TASK OBJECTIVE:
In the records below, repeat exactly the lines between the line holding "近日,西藏各地的油菜花盛開,呈現出生機勃勃的夏日美景。新華社記者 晉美多吉 攝" and the line holding "近日,安徽小格新电力科技有限", inclusive, and drop the pictures.

PROVIDED DATA:

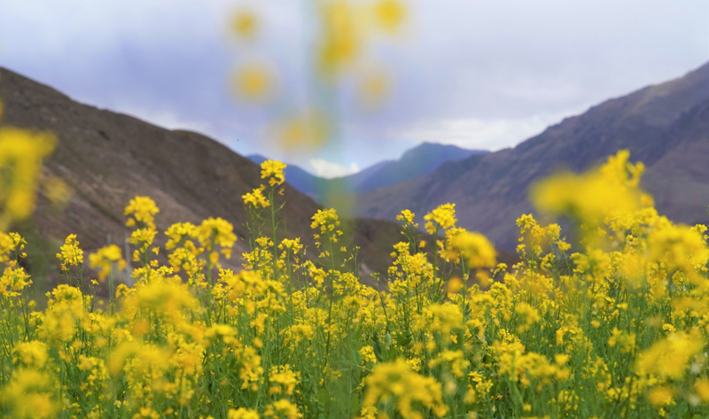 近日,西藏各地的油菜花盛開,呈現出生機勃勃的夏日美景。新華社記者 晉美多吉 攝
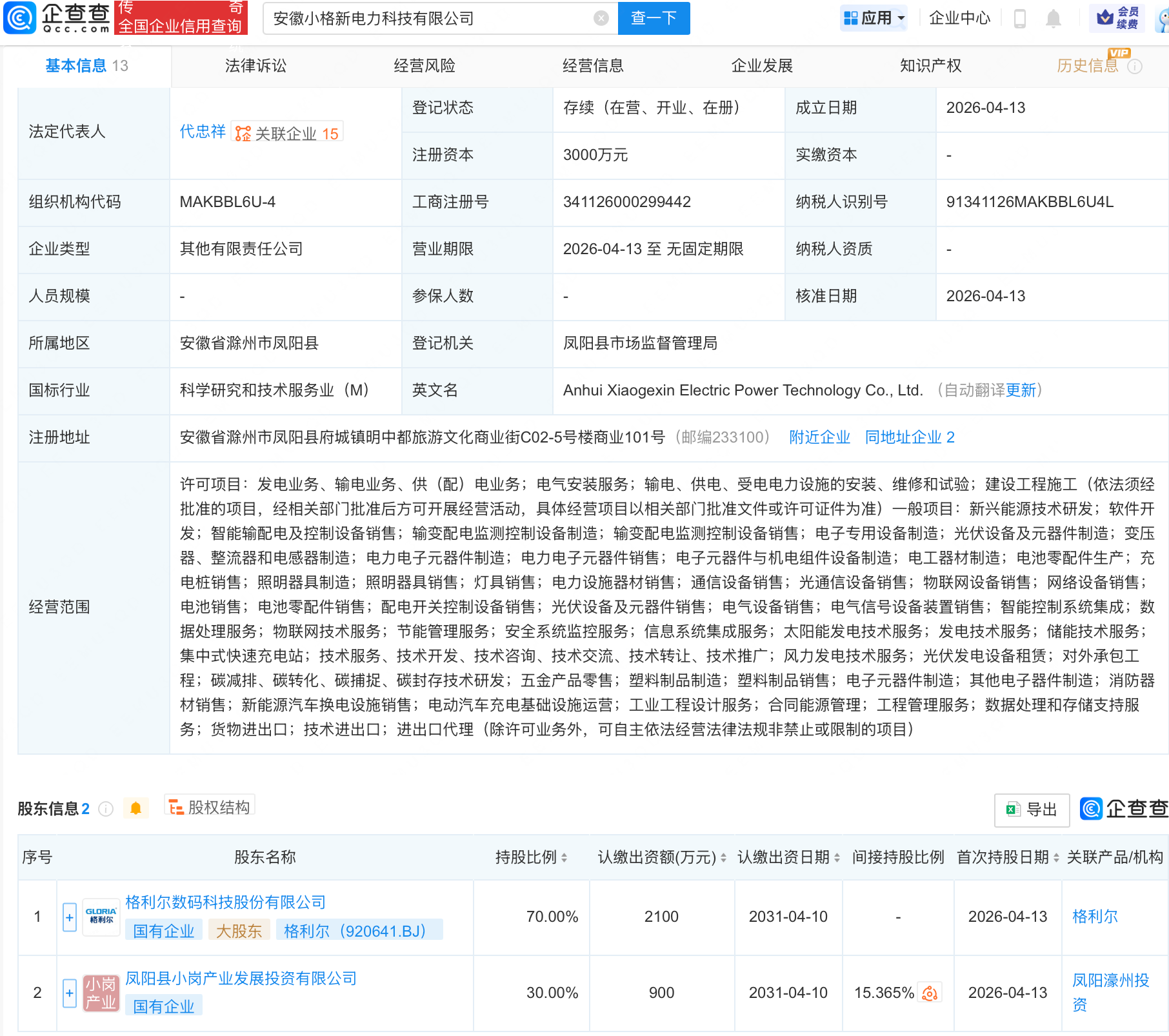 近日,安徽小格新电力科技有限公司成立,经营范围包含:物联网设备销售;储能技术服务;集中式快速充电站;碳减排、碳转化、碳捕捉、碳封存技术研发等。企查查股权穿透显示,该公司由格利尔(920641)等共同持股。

---

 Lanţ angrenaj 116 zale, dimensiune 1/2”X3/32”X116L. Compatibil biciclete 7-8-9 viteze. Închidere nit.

* * *

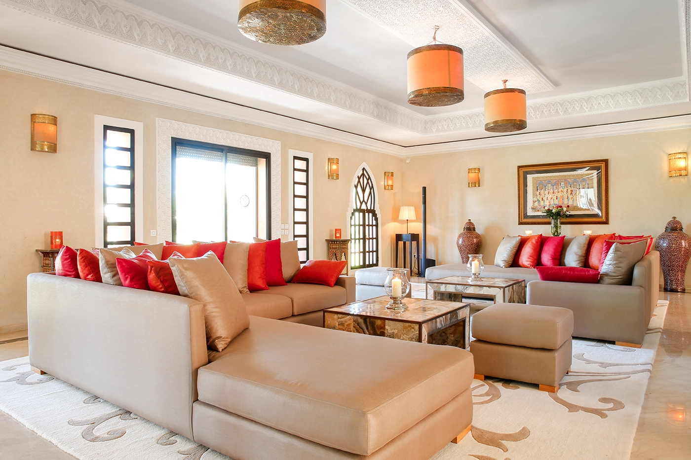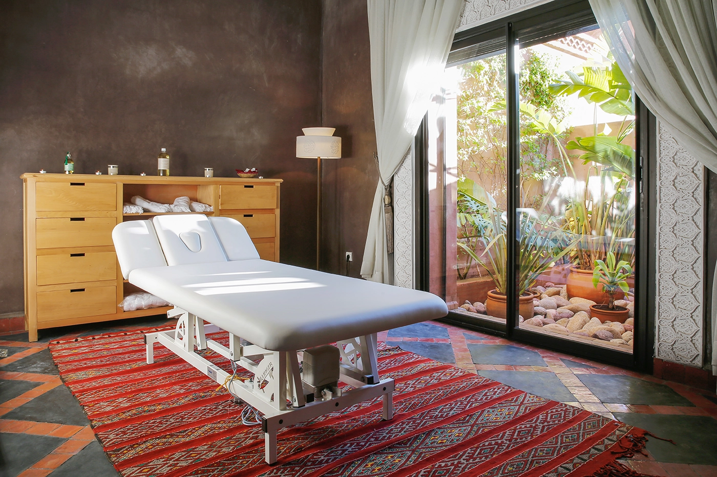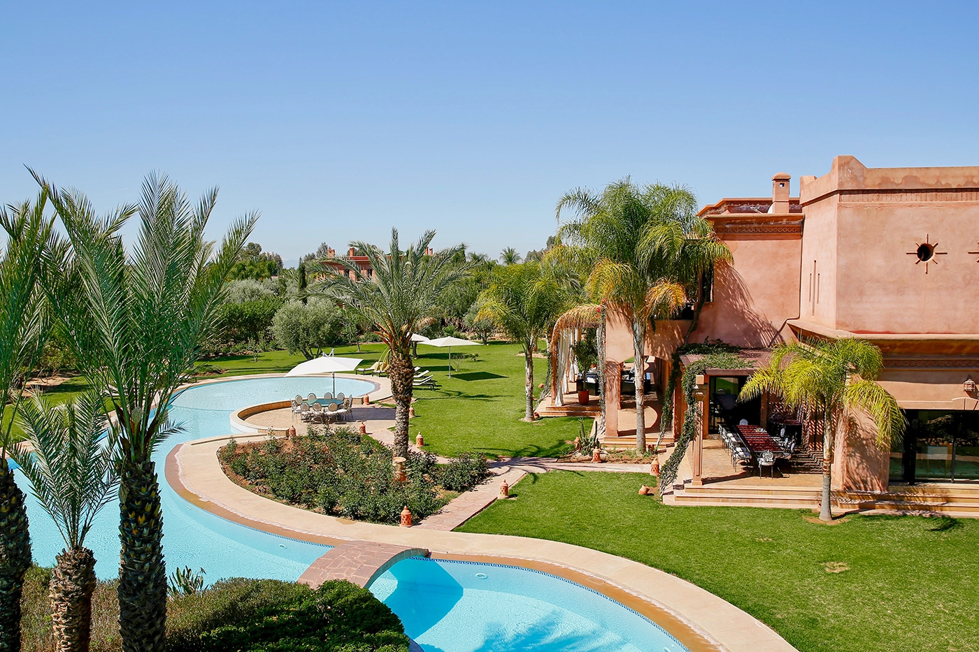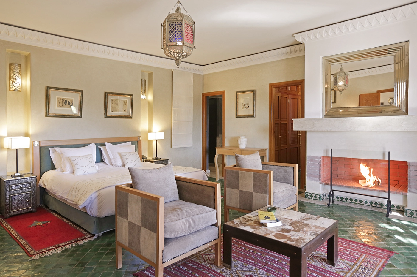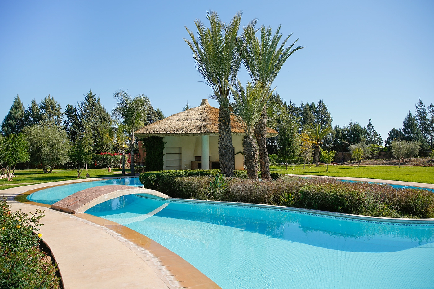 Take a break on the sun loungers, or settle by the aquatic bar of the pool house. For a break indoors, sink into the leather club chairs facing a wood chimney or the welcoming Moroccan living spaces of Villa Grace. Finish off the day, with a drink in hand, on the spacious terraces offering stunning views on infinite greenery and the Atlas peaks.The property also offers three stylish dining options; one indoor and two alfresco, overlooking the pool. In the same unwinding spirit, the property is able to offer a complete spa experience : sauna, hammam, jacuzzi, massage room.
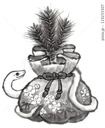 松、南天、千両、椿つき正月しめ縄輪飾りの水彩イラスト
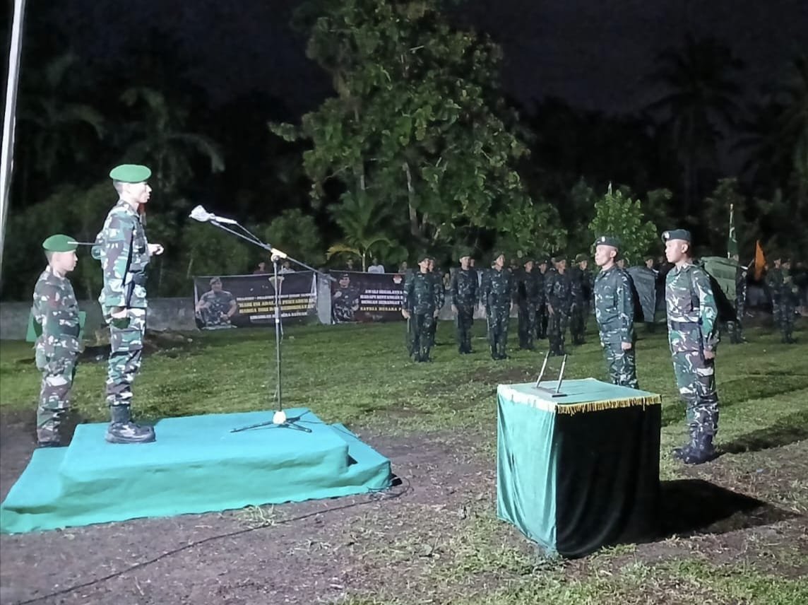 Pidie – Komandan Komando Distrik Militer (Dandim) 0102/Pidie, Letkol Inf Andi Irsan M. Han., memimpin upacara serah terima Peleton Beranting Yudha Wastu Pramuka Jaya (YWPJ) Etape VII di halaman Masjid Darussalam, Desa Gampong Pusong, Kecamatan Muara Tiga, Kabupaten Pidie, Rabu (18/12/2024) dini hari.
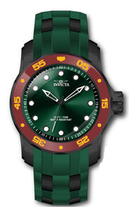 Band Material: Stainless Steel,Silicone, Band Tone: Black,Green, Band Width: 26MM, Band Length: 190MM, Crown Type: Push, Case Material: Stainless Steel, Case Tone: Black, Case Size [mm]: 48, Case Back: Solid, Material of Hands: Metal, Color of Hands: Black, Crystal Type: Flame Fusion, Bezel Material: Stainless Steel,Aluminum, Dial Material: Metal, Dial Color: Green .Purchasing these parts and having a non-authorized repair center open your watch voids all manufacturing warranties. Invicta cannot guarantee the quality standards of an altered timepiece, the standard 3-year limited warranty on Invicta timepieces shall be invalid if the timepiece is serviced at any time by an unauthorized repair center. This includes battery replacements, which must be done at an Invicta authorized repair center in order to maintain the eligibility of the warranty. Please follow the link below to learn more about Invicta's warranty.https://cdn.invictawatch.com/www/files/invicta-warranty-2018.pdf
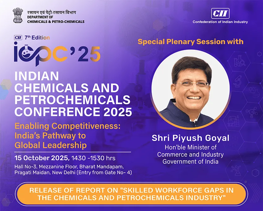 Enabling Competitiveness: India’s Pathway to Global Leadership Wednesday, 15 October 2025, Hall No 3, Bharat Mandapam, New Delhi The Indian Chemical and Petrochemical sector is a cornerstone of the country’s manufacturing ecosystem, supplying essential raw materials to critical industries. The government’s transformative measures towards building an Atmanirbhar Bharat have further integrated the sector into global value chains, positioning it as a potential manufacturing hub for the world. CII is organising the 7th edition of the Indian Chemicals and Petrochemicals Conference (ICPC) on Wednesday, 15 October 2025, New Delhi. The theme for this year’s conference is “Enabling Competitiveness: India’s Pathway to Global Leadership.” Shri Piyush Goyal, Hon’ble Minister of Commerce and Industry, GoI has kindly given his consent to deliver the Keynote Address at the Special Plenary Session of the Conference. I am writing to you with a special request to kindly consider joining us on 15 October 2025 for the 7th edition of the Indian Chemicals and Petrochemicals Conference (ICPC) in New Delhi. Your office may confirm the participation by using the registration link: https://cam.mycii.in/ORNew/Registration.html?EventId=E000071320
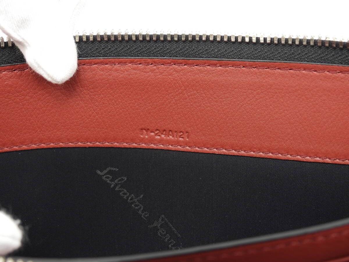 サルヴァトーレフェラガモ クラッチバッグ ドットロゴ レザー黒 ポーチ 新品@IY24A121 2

OUTPUT FOR THIS EXERCISE:
 近日,西藏各地的油菜花盛開,呈現出生機勃勃的夏日美景。新華社記者 晉美多吉 攝
 近日,安徽小格新电力科技有限公司成立,经营范围包含:物联网设备销售;储能技术服务;集中式快速充电站;碳减排、碳转化、碳捕捉、碳封存技术研发等。企查查股权穿透显示,该公司由格利尔(920641)等共同持股。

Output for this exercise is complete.